Provider Source When it works Fallback role
youtube-direct YouTube watch page + ytInitialPlayerResponse + timedtext endpoint Default for almost every video with any caption track (manual or ASR) Primary in the auto chain since v0.3.0
provider_a Third-party HTTP service analogous to downsub.com Videos that the third-party service has indexed Secondary in the auto chain
provider_b Second third-party HTTP service with AES-256-CBC + PBKDF2 token signing Videos that the second third-party service has indexed Tertiary in the auto chain
provider_headless Local Chromium driven by chromiumoxide (gated by the headless feature) Cloudflare or browser-gated endpoints that block the plain HTTP providers Opt-in fallback; never enabled by default

YouTube Direct Provider

The YouTube-direct provider is the resolution for GAP-001. It fetches the watch page, parses ytInitialPlayerResponse, picks the right captionTracks entry, and downloads the timedtext payload directly from https://www.youtube.com/api/timedtext. It handles manual and auto-generated captions, signature parameters, the n challenge, and caches the player.js operations table in ~/.cache/youtube-legend-cli/player/ for seven days.
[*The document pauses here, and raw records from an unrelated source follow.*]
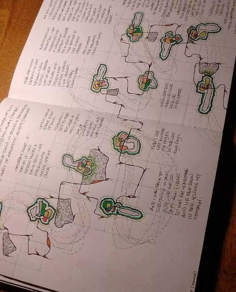 “He went home, but he was always working,” Taft continues. “He created an amazing journal of this time, writing about what he was thinking and feeling. Drawing. He and Conrad have plans on making them into visual scores. … It is honest and raw and really, really brave.”
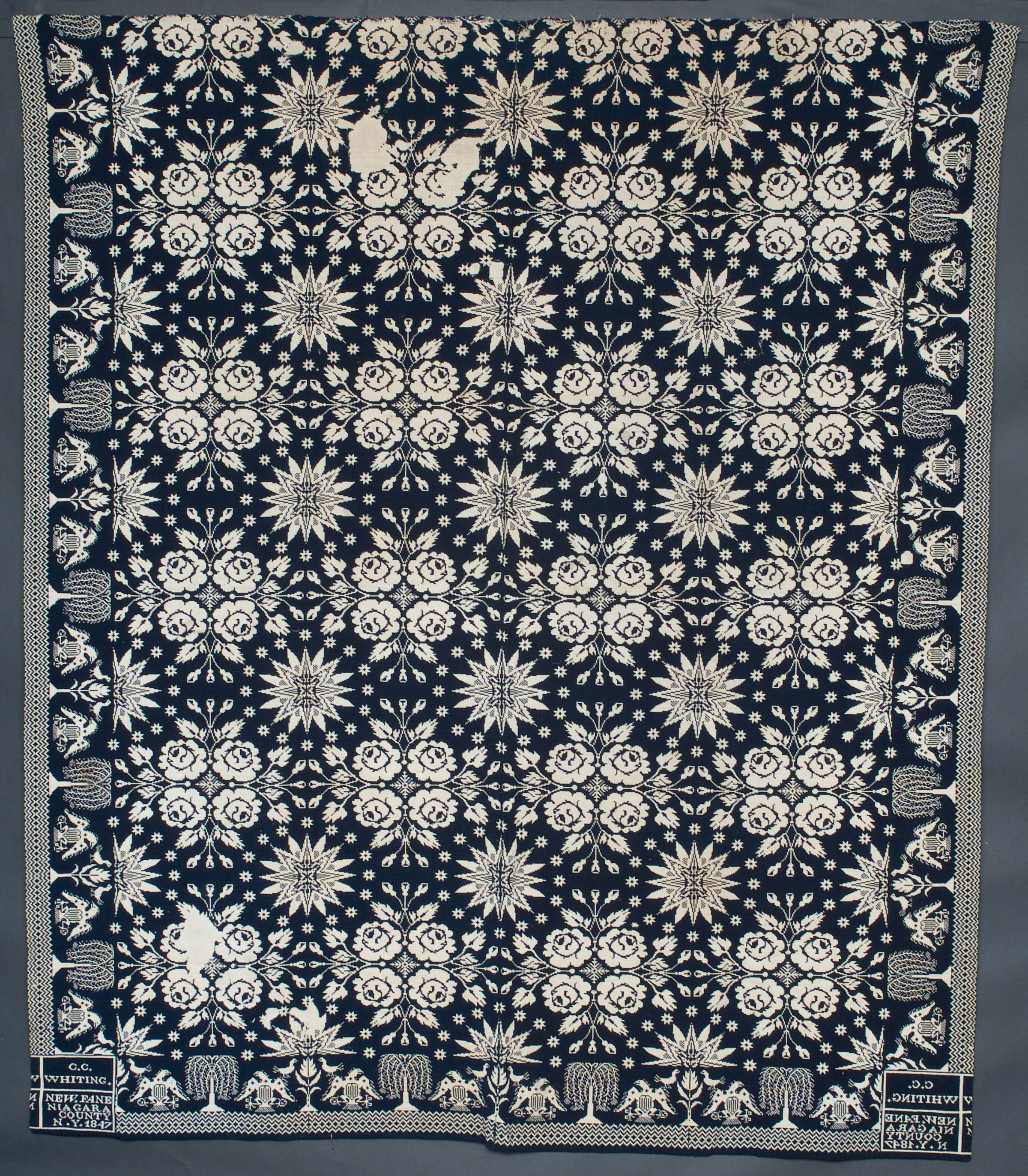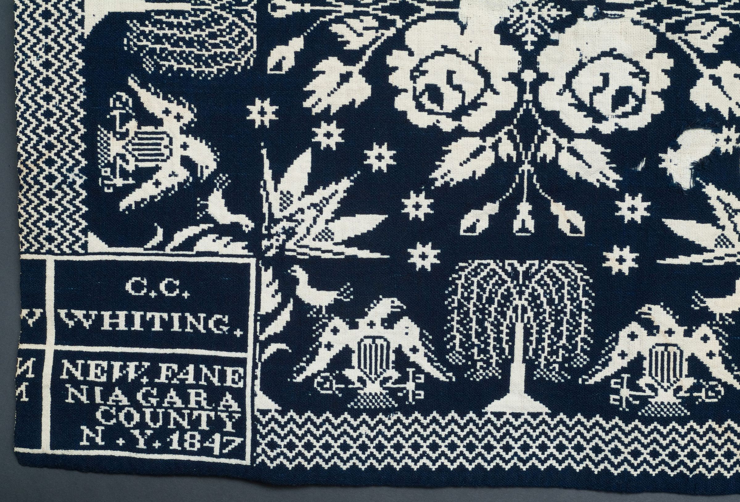 double weave; navy and natural; two loom widths joined; no fringe; repeating eagle and tree border; floral centerfield; signature corner blocks in LL LRCollection
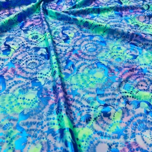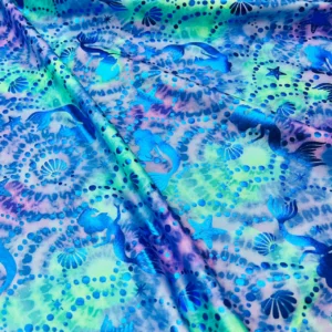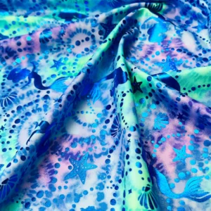27″ Long / Blue Metallic Mermaids and Starfish Print Nylon Spandex Fabric 4 Way Stretch By Yard for swimwear dancewear gymwear sportwear dress skirt (239-12)

# Manual or auto-generated Portuguese, falling back through the chain
youtube-legend-cli https://youtu.be/Ze0i7zxpyrw --lang pt --provider youtube-direct --asr

The --asr flag makes the provider prefer the auto-generated track (kind: "asr") even when a manual track is also present. Without --asr, the provider picks the manual track when available and only falls back to ASR when nothing else exists. The --no-fallback flag restricts the chain to the chosen provider so a single misbehaving upstream cannot mask the real behaviour of the others.

Provider Selection

--provider accepts the values in the table below. auto is the default and the recommended choice for production pipelines. The chain order in auto mode is youtube-direct then provider_a then provider_b; provider_headless only joins the chain when the binary was built with the headless feature.

Value Effect
auto Try youtube-direct first, then provider_a, then provider_b, then the headless provider if enabled.
youtube-direct Only the YouTube-direct provider. Disables every other provider for the run.
provider_a Only provider_a. Reproduces the v0.2.x default chain.
provider_b Only provider_b. Reproduces the v0.2.x alternative path.
provider_headless Only the headless provider. Requires --features headless at build time.

The --provider and --asr flags compose: --asr propagates to the chosen provider, which decides whether to prefer the auto-generated track. --asr --provider provider-a is rejected with exit code 64 (EX_USAGE) because the third-party providers do not expose a manual-versus-ASR selection.

Three micro-benchmarks live in benches/cache_bench.rs:

  • cache_key_compose — composes cache filename from (video_id, lang, format)
  • url_length_check — validates URL against 2048-byte cap
  • locale_parse_primary_subtag — normalises BCP 47 to ISO 639-1

Run with cargo bench --bench cache_bench. Baseline on the maintainer's x86_64-unknown-linux-gnu host (2026-06-14, release profile, 1000 samples):

  • cache_key_compose: ~34 ns/iter
  • url_length_check: 0 ns/iter (sub-ns, rounded down)
  • locale_parse_primary_subtag: ~6 ns/iter

Documentation

Security

See SECURITY.md for the supported versions table, the threat model, and the private vulnerability disclosure channel.

Code of Conduct

This project follows the Contributor Covenant 2.1.

Contributing

See CONTRIBUTING.md for the development workflow, MSRV expectations, style rules, and the no Co-authored-by policy.

License

Dual-licensed under either of MIT or Apache-2.0, at your option.